[[ The input, beginning ]]

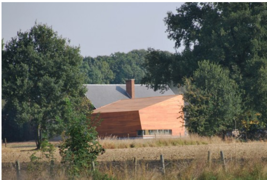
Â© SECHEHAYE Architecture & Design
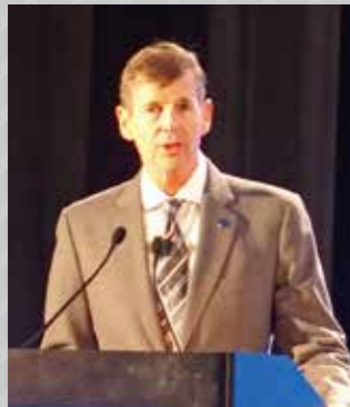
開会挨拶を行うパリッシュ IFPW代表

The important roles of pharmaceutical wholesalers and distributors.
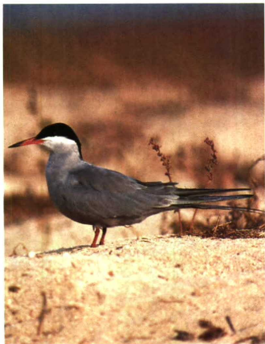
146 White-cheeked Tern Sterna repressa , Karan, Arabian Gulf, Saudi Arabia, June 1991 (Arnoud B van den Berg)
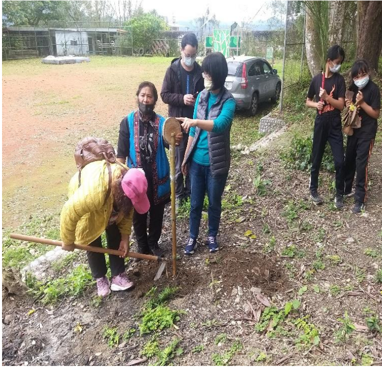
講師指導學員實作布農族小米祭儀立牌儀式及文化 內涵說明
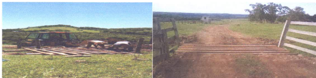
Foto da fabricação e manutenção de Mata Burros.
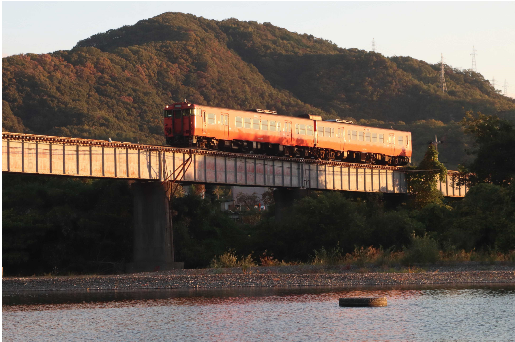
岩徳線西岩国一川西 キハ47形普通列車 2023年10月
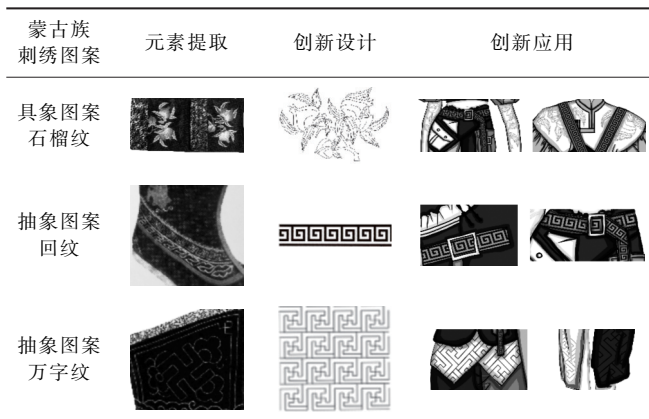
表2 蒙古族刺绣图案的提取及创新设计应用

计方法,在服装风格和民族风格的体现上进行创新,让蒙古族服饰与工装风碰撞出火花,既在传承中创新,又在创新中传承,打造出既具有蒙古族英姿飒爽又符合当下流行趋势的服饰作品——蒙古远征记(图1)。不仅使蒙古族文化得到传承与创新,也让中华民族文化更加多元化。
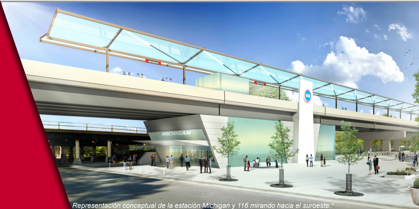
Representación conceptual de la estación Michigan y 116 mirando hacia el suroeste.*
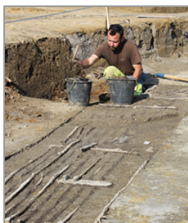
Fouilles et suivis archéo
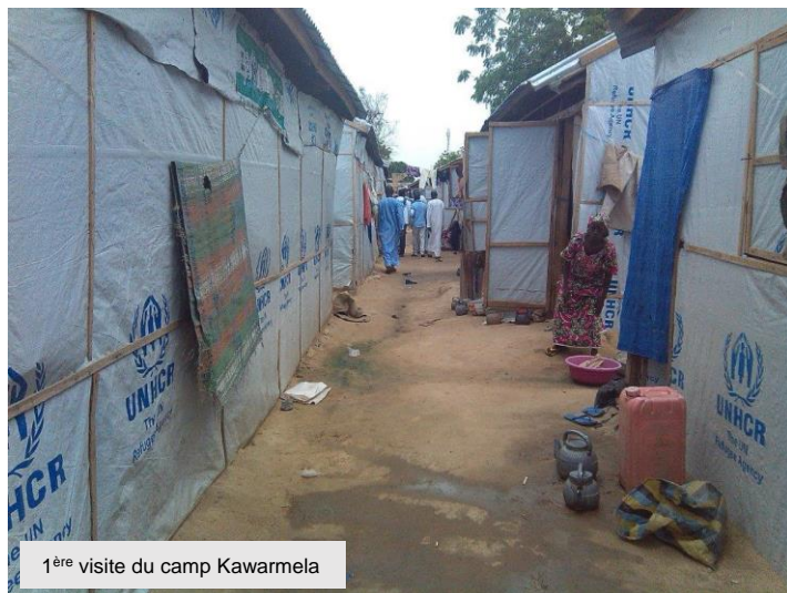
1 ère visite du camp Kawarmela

[[ The input, end ]]
[[ The input, beginning ]]

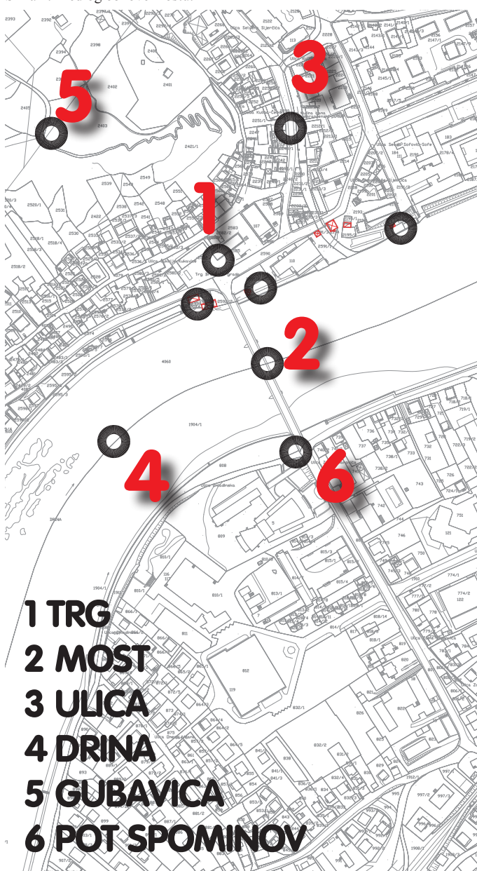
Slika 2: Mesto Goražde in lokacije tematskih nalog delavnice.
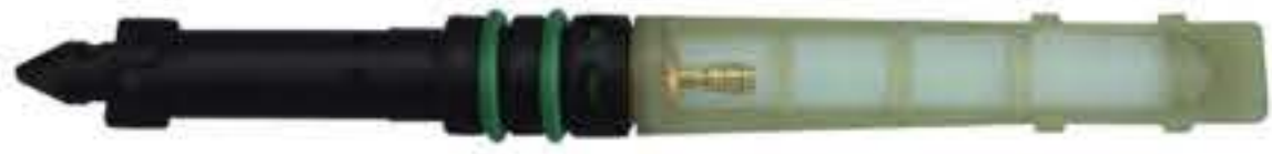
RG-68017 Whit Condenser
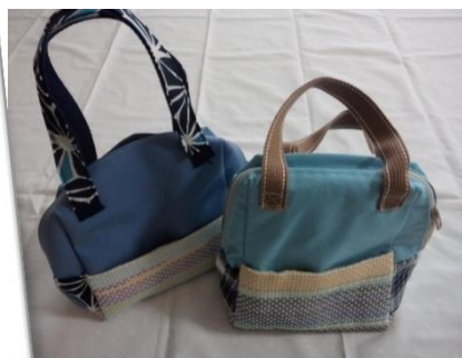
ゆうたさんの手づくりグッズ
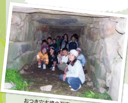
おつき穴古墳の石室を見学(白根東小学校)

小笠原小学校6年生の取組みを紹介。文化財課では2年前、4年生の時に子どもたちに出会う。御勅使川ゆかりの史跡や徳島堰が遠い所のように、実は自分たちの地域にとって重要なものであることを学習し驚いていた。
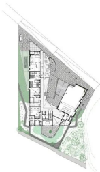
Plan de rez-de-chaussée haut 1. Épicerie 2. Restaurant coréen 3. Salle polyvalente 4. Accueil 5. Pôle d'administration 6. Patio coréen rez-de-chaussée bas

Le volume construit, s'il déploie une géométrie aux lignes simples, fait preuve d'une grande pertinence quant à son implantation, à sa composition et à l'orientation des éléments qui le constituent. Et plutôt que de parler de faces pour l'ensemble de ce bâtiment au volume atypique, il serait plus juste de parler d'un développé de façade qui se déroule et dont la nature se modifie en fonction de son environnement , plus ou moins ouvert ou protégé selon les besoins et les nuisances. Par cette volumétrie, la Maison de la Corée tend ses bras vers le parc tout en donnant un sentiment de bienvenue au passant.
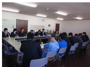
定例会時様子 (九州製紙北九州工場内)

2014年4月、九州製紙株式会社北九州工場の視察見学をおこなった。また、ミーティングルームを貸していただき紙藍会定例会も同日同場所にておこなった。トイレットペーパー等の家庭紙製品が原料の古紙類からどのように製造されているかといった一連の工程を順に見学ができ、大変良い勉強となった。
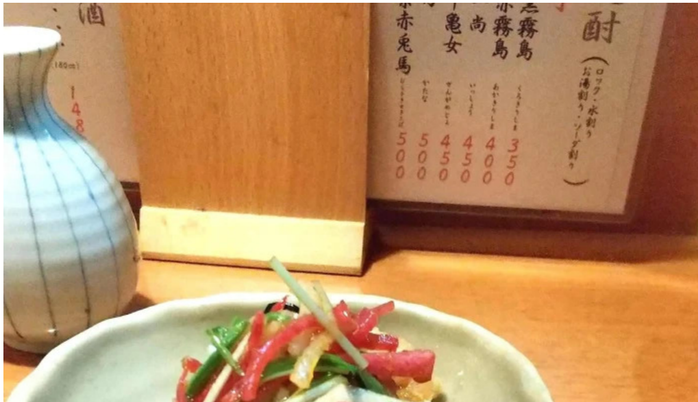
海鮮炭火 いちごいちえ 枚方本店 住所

[[ The input, end ]]
[[ The input, beginning ]]

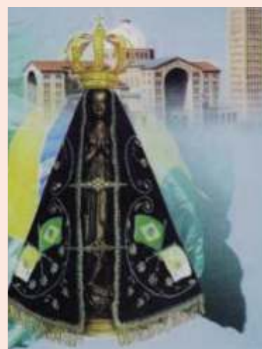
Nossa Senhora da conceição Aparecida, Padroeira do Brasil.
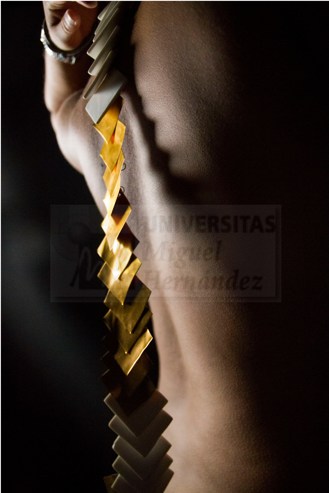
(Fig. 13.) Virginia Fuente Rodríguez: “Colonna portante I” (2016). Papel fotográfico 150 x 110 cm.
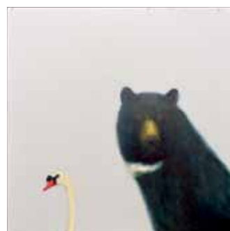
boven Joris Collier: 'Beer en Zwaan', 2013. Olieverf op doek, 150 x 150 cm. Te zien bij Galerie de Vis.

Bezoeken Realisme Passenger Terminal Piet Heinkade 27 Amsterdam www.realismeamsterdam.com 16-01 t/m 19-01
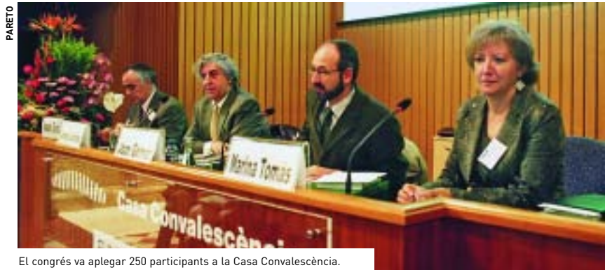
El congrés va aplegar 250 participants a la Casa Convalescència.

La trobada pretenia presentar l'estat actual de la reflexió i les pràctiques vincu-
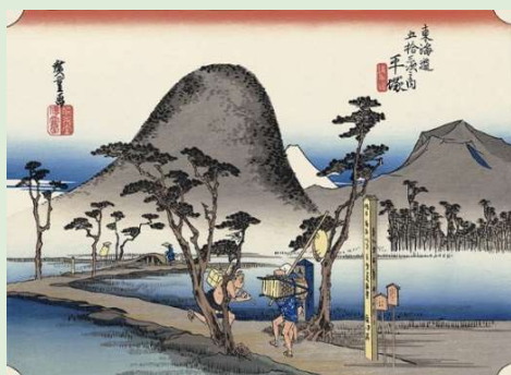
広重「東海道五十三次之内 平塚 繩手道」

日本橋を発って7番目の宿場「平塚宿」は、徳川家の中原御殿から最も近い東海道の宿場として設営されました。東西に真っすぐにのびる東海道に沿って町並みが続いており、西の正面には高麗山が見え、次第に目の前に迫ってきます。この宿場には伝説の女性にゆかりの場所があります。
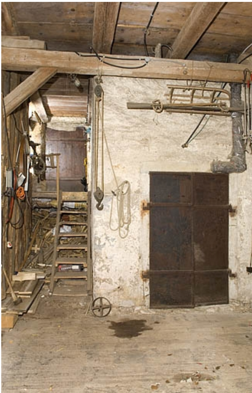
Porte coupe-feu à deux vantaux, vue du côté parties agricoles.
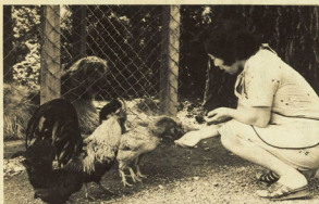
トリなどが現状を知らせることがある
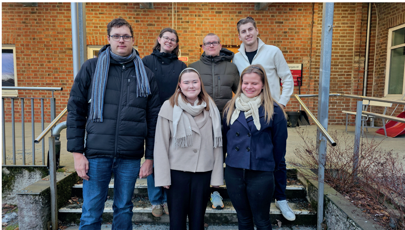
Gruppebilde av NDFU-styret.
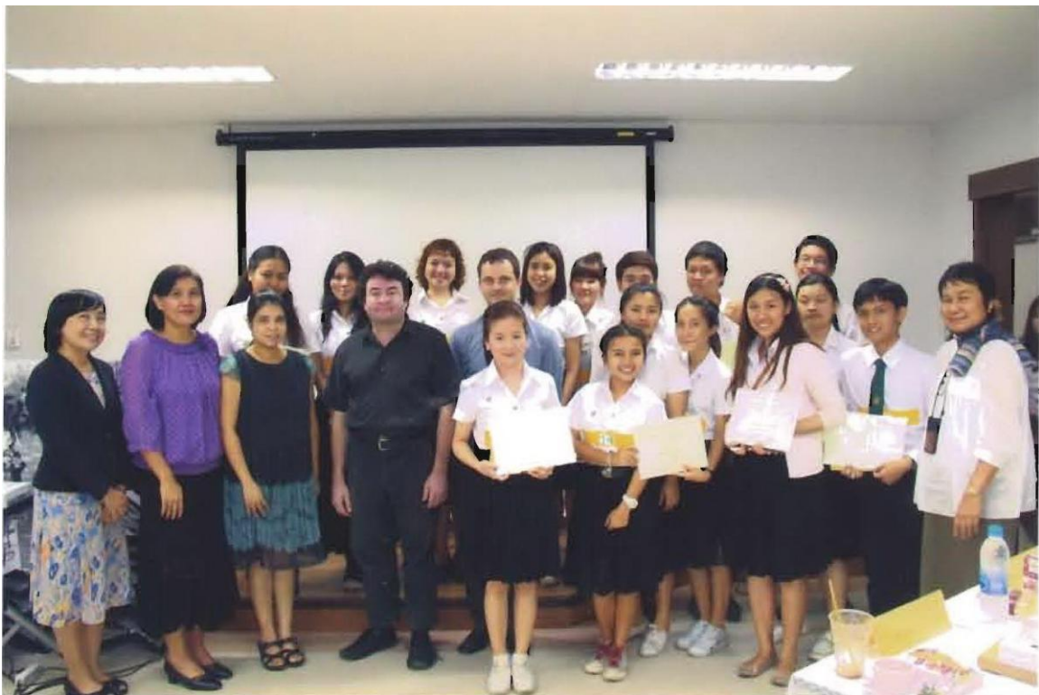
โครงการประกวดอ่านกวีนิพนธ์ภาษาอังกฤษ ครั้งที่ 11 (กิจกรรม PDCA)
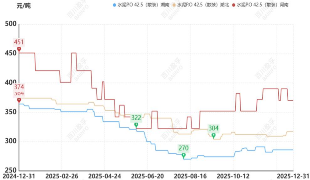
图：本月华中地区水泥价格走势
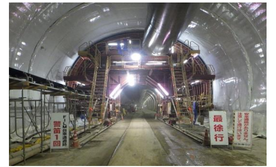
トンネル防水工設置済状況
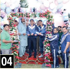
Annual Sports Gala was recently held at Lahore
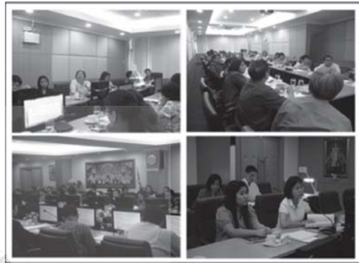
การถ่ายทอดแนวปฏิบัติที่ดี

[[ The input, end ]]

* What the task requires: An exact copy is needed of the stretch above that opens with the line containing "Annual Sports Gala" and closes with the line containing "การถ่ายทอดแนวปฏิบัติที่ดี"; the pictures are not part of it.

* Task output:
Annual Sports Gala was recently held at Lahore
การถ่ายทอดแนวปฏิบัติที่ดี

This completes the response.